Question

In a car lift used in a service station, compressed air exerts a force on a small piston that has a circular cross section and a radius of 5.00 cm. The pressure is transmitted by a liquid to a piston that has a radius of 15.0 cm. a) What force must the compressed air exert to lift a car weighing 13,300N? b) What air pressure produces this force?
Answer: a) 1.48 x 103 N b) 1.88 x 105 Pa

How do you show the work on this?

Answer 1

Answer:

a) F₁ = 1.48 x 10³ N

b) P = 1.88*10⁵ Pa

c) The work  is equal in both pistons

Explanation:

Pascal´s Principle can be applied in the hydraulic press:

If we apply a small force (F₁) on a small area piston (A₁), then, a pressure (P) is generated that is transmitted equally to all the particles of the liquid until it reaches a larger area piston and therefore a force (F₂) can be exerted that is proportional to the area(A₂) of the piston.
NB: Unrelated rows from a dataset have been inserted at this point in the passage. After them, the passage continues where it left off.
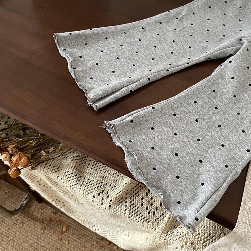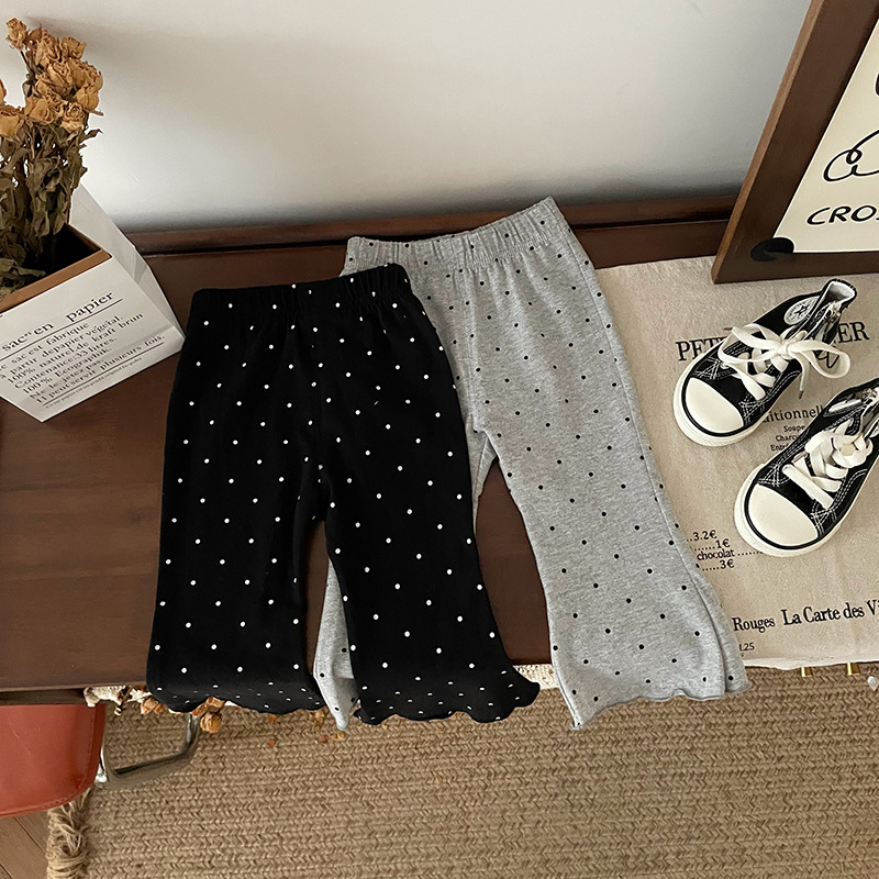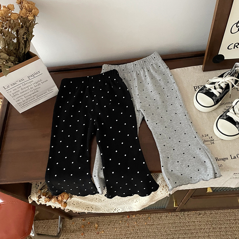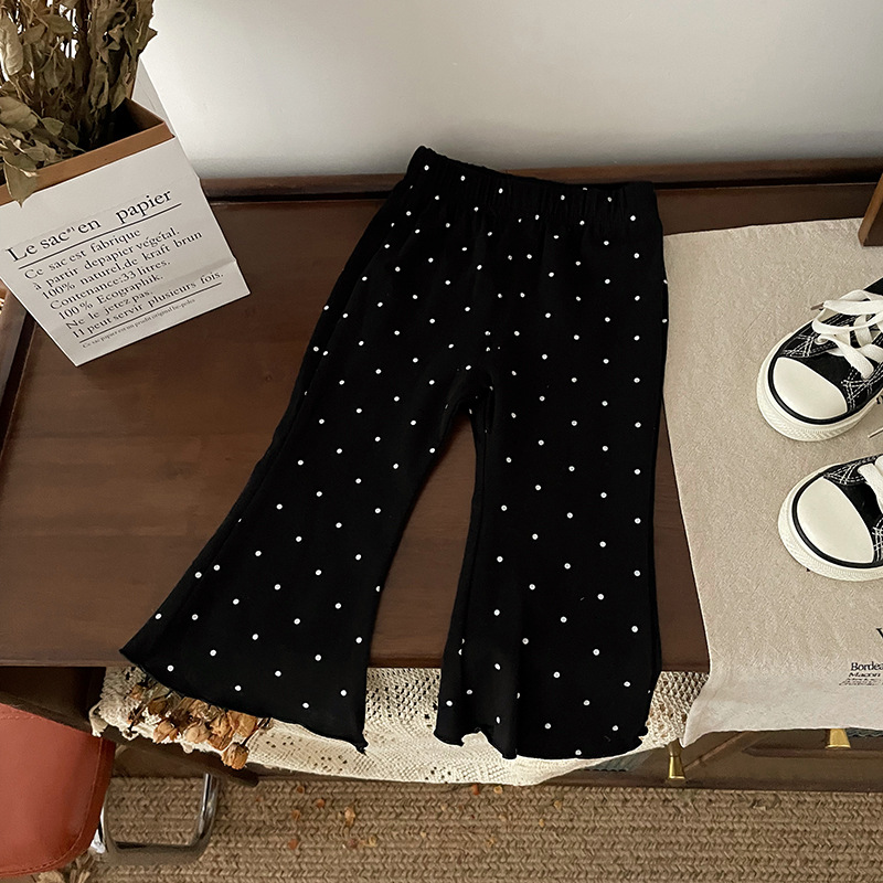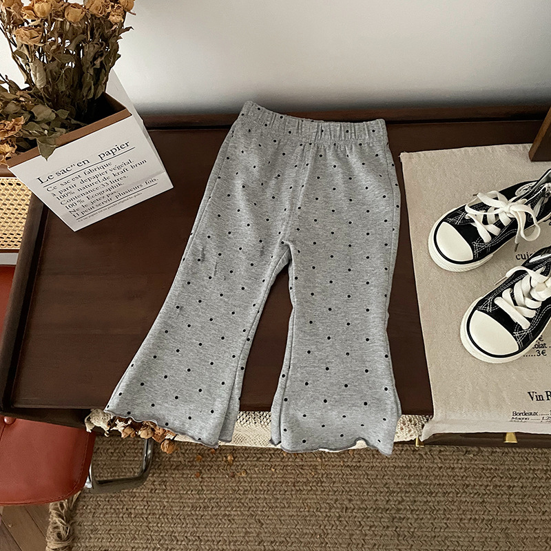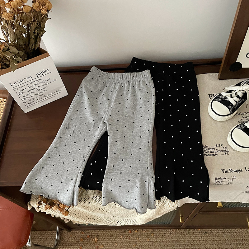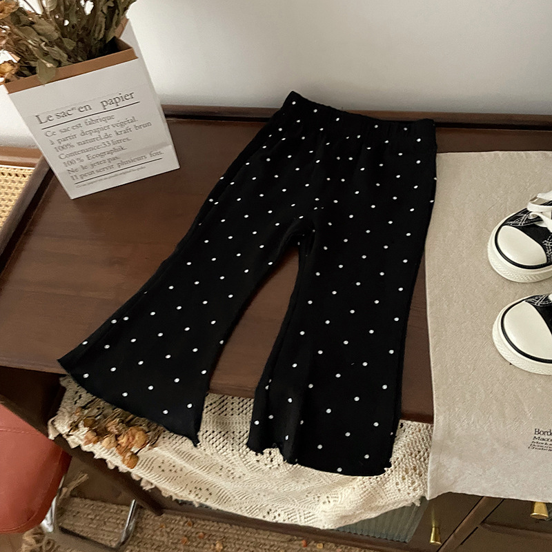 【재고 있음】QK241205 아동용 바지 2025 봄 가을 신상 플레어 팬츠 물방울 무늬 캐주얼 바지스토어 가기
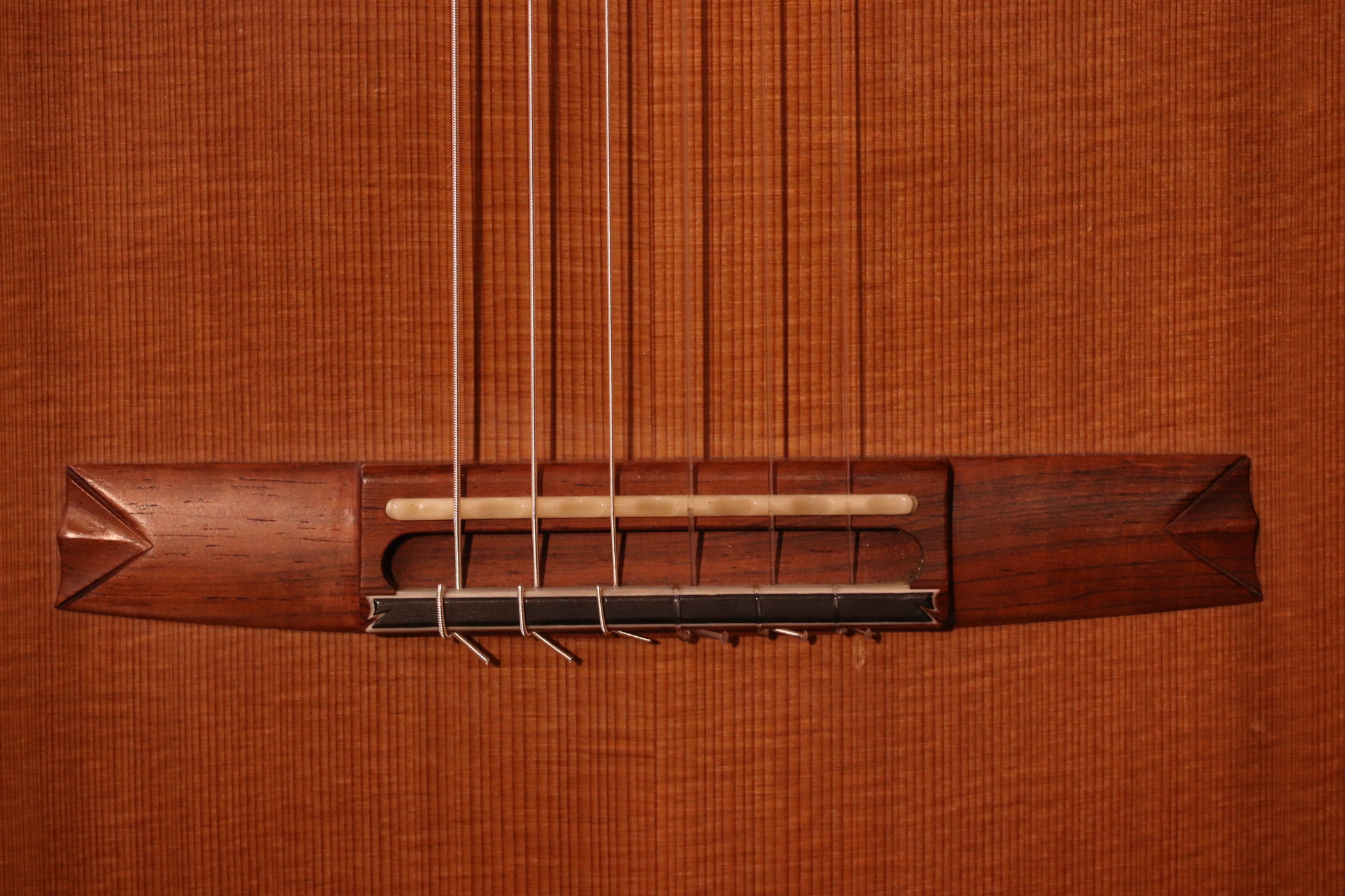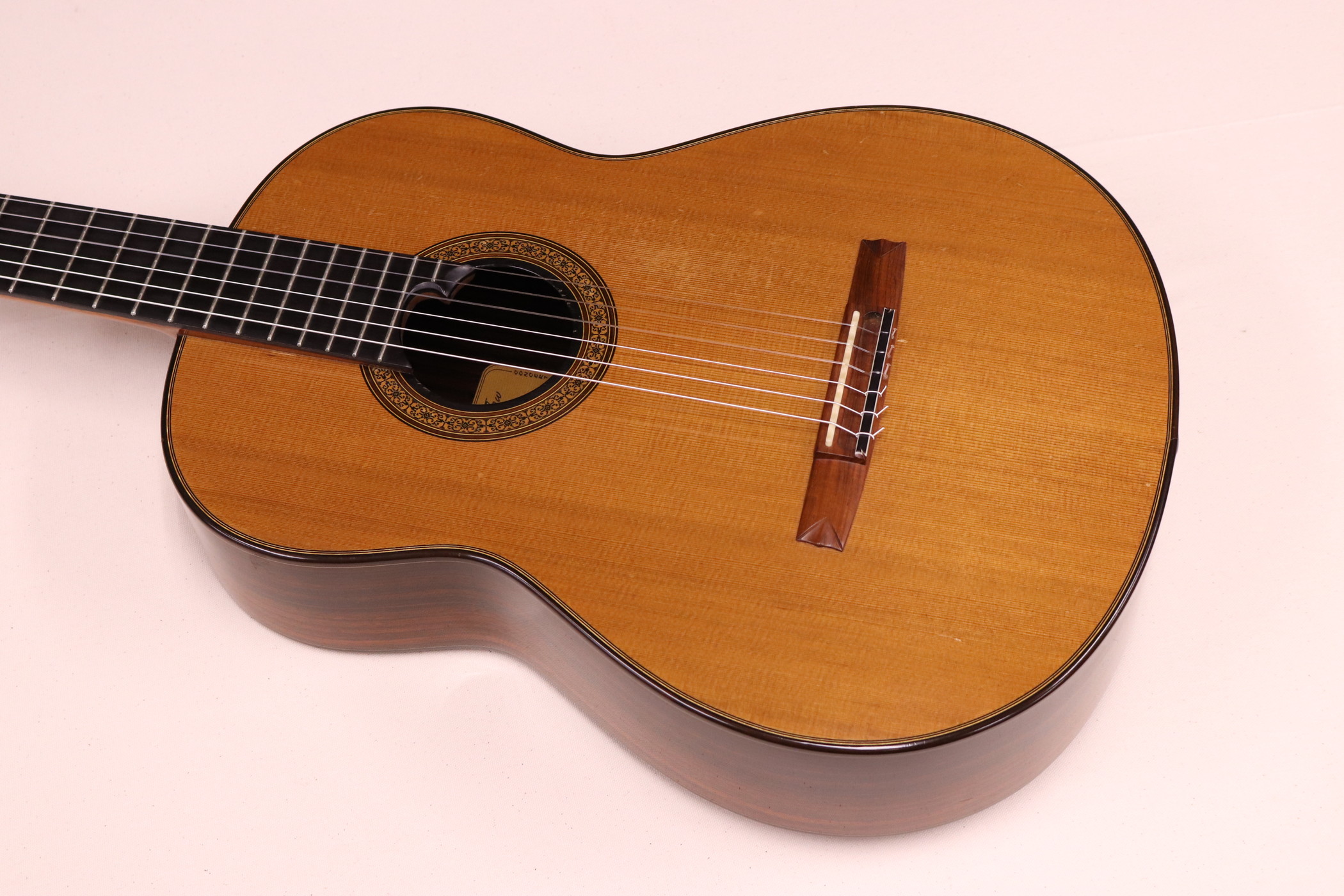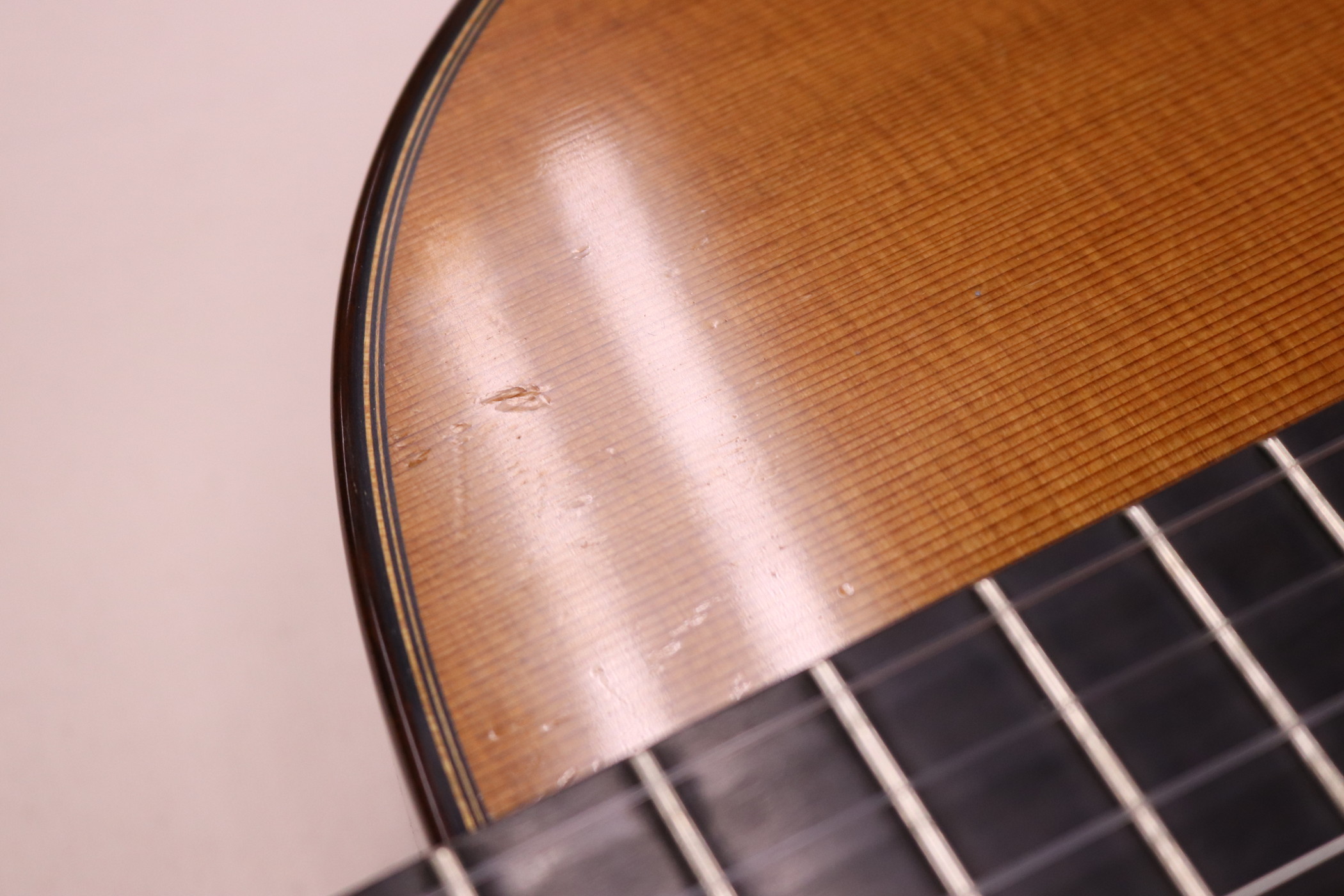 | ボディ材: | 表板/杉(おそらくダブルトップ) 横・裏板/ハカランダ(おそらくローズウッドとの二重構造) |
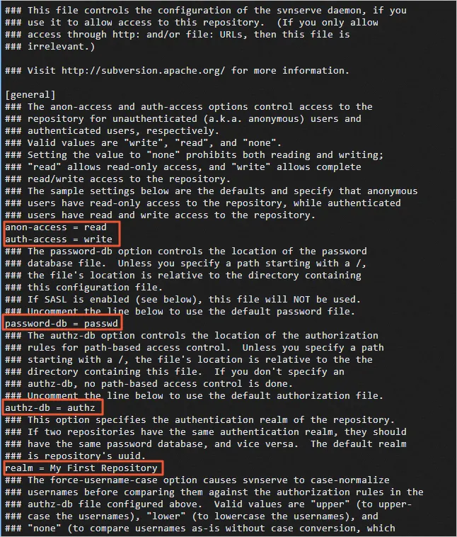 anon-access = read #匿名用户可读,您也可以设置 anon-access = none,不允许匿名用户访问。设置为 none,可以使日志日期正常显示 auth-access = write #授权用户可写 password-db = passwd #使用哪个文件作为账号文件 authz-db = authz #使用哪个文件作为权限文件 realm = /var/svn/svnrepos #认证空间名,版本库所在目录

Pressure is defined as the force per unit area:

$P=\frac{F}{A}$  Formula (1)

P₁=P₂

$\frac{F_{1} }{A_{1} } =\frac{F_{2} }{A_{2} }$ Formula (2)

Data

r₁= 5 cm = 0.05 m

r₂= 15 cm = 0.15 m

F₂=  13300N

Area of the pistons (A₁,A₂)

A=π*r² : Area of the circle

A₁ = π*(0.05)²=7.85*10⁻³ m²

A₂= π*(0.15)²= 70.69*10⁻³ m²

a) Force that compressed air must exert to lift a car weighing 13300 N

We replace data in the formula (2)

$\frac{F_{1} }{A_{1} } =\frac{F_{2} }{A_{2} }$

$F_{1} = \frac{13300*7.85*10^{-3} }{70.69*10^{-3} }$

F₁ =  1.48 x 10³ N

b) Air pressure produced by F₁

We replace data in the formula (1)

$P=\frac{F}{A}$

F₁ =  1.48 x 10³ N , A₁ = 7.85*10⁻³ m²

$P=\frac{1.48*10^{3} }{7.85*10^{-3} }$

P= 1.88*10⁵ Pa

c)The volume of liquid displaced by the small piston is distributed in a thin layer on the large piston, so that the product of the force by the displacement (the work) is equal in both pistons.